On flawed poetry curriculum in grade school: a delayed response to Howe’s “The Virtues of Verse”

While reading Fanny Howe’s “The Virtues of Verse,” I had a slight flashback to a class conversation we had weeks ago, on the difficulties that seem to be almost inherent when teaching poetry to children and teenagers.

One of the difficulties we talked about is the limited access most children have to a variety of poetry. Most of us recalled only really having been exposed to Shel Silverstein in our early elementary school days. Although I am now remembering the thin paperback collections of some of the “great” poets (Emily Dickinson, Robert Frost, Lewis Carroll, etc.) that my mom gifted me once, they didn’t immediately stick out in my head, and besides learning how to read the poems out loud in different ways, I don’t think that my young self knew all that much of how to make use of them.
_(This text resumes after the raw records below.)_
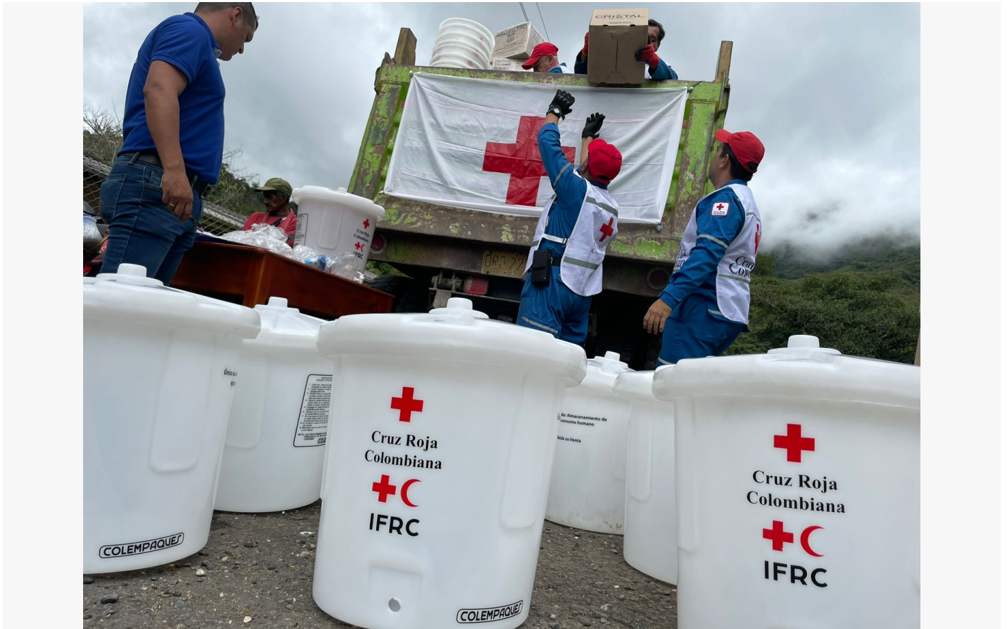
Colombian Red Cross Society providing assistance in Cauca.
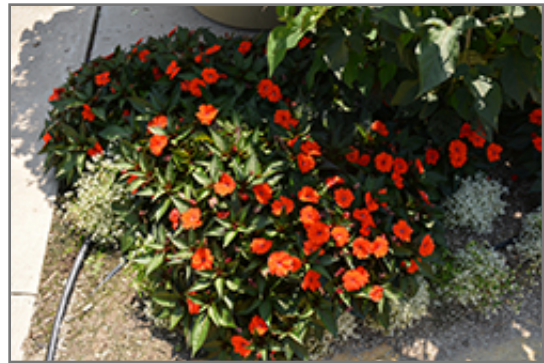
SunPatiens Compact Orange New Guinea Impatiens in bloom

SunPatiens Compact Orange New Guinea Impatiens will grow to be about 24 inches tall at maturity, with a spread of 24 inches. When grown in masses or used as a bedding plant, individual plants should be spaced approximately 20 inches apart. Its foliage tends to remain dense right to the ground, not requiring facer plants in front. This fast-growing annual will normally live for one full growing season, needing replacement the following year.
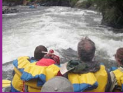
Rafting the Rogue River
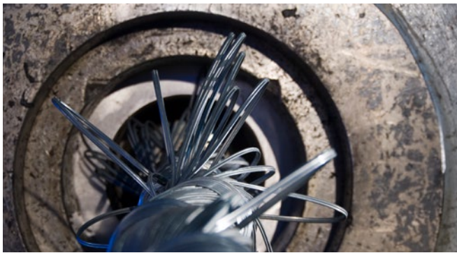
DMT Rope Testing
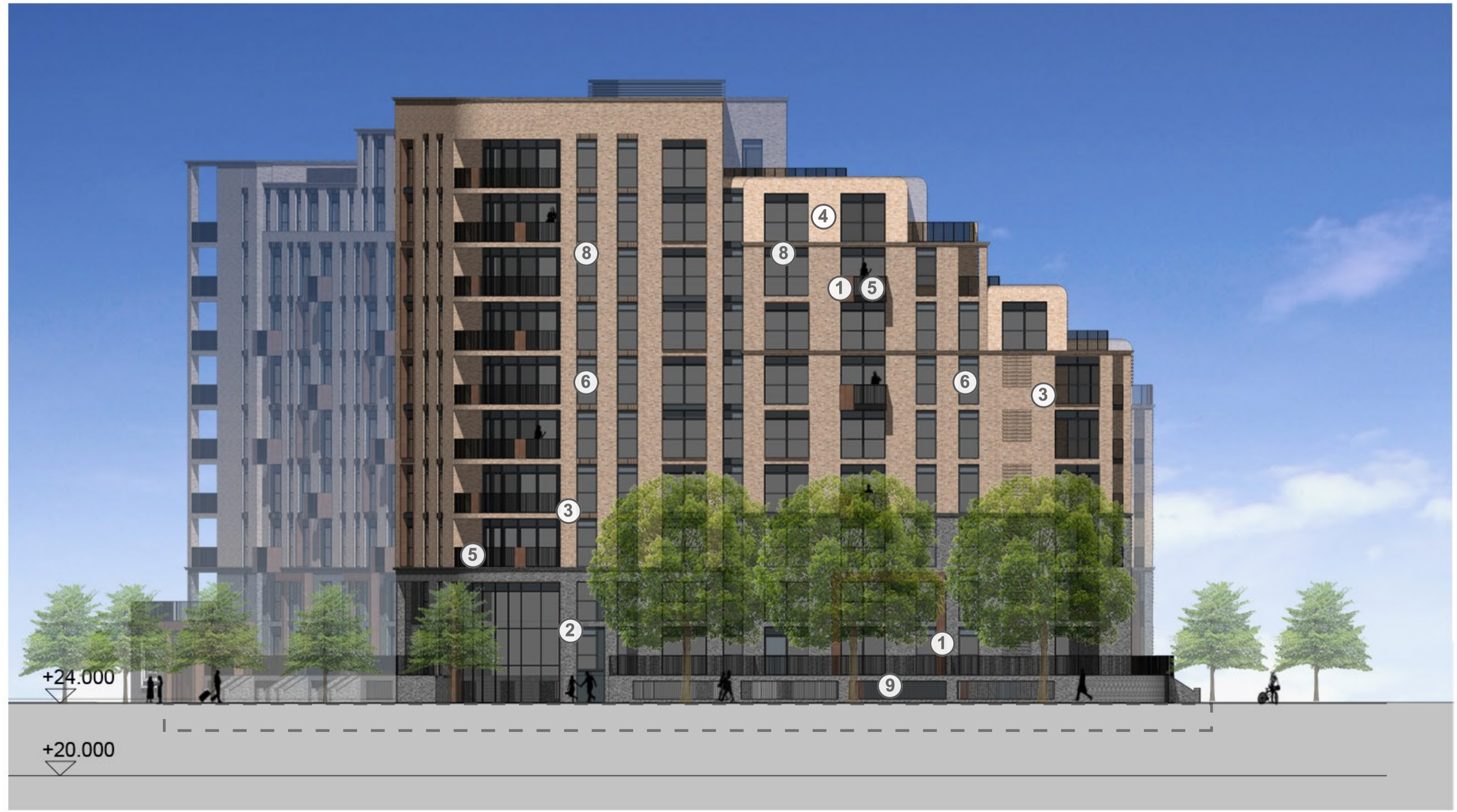
ELEVATION D - FACING NORTH/KINGFIELD ROAD
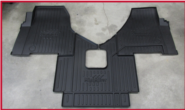
Figure 1 - Kit #10002331 Contents

This is the bud of one of the reasons why Howe’s essay excited me. Constructing her piece in a lineated, “poetic” form, she advocated a teaching method where the instructor would have children lineate any or all class writing pieces, similar to how her essay was. This way, they would be able to learn about the relations that can exist between sentences and single words by applying the care of line breakage to writings such as essays and other small, more typically prose-like exercises. The idea is beautiful, in that it aims to instill an appreciation for one of the most markedly “poetic” elements of poetry, without forcing children to read any poems against their own will. When these kids later encounter poetry in other settings, some of this care and thought would unavoidably remain somewhere in the back of their minds

The other overarching problem we talked a bit about in our class conversation was how the pieces of canonical poetry that are required to be taught in grade, middle, and high schools aren’t necessarily accessible or helpful to students. All too often, they seem to cause kids to rule out poetry writing as something that could ever be for them. These required “greats” are also entirely unrepresentative of what contemporary poetry—the living, growing part of poetry—looks like these days. Even if kids did feel inspired with some of the poetry prescribed in classes, they may still not be able to access or interact with the ongoing conversation. Howe’s idea could also help with this issue because of its focus on line breaks. I feel like without anything else to grab onto, I always focused on the language and diction of poems in high school, which kind of alienated me from the craft itself.

Even if teachers could somehow tilt or guide focus in poetry curriculum to a facet like line breakage, I feel like this could help to bring the youth into poetry in a more welcoming way.